To address the visual-semantic representation disjunction, severe semantic bottlenecks, and scarce labeled data in multi-task fine-grained analysis of artworks (i.e., style classification, artist attribution, dating estimation, and tag generation), this paper proposes ArtSAGENet—the first multimodal architecture integrating Graph Neural Networks (GNNs) into fine-grained art analysis. ArtSAGENet jointly extracts visual features via CNNs and models structured artist–artwork relationships using GNNs, while enforcing cross-modal alignment between vision and semantics through a knowledge-graph-guided mechanism. Trained end-to-end on multiple tasks, it significantly reduces data and computational requirements (10× faster training) yet consistently outperforms strong CNN baselines across all four tasks, achieving state-of-the-art performance. Moreover, the model exhibits superior generalization capability and inherent interpretability through its graph-based relational reasoning and knowledge-grounded alignment.
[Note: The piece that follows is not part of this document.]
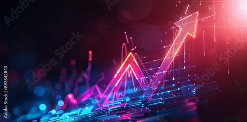 Neon arrow graph showing growth on a dark background. Business and finance concept.

We propose ArtSAGENet, a novel multimodal architecture that integrates Graph Neural Networks (GNNs) and Convolutional Neural Networks (CNNs), to jointly learn visual and semantic-based artistic representations. First, we illustrate the significant advantages of multi-task learning for fine art analysis and argue that it is conceptually a much more appropriate setting in the fine art domain than the single-task alternatives. We further demonstrate that several GNN architectures can outperform strong CNN baselines in a range of fine art analysis tasks, such as style classification, artist attribution, creation period estimation, and tag prediction, while training them requires an order of magnitude less computational time and only a small amount of labeled data. Finally, through extensive experimentation we show that our proposed ArtSAGENet captures and encodes valuable relational dependencies between the artists and the artworks, surpassing the performance of traditional methods that rely solely on the analysis of visual content. Our findings underline a great potential of integrating visual content and semantics for fine art analysis and curation.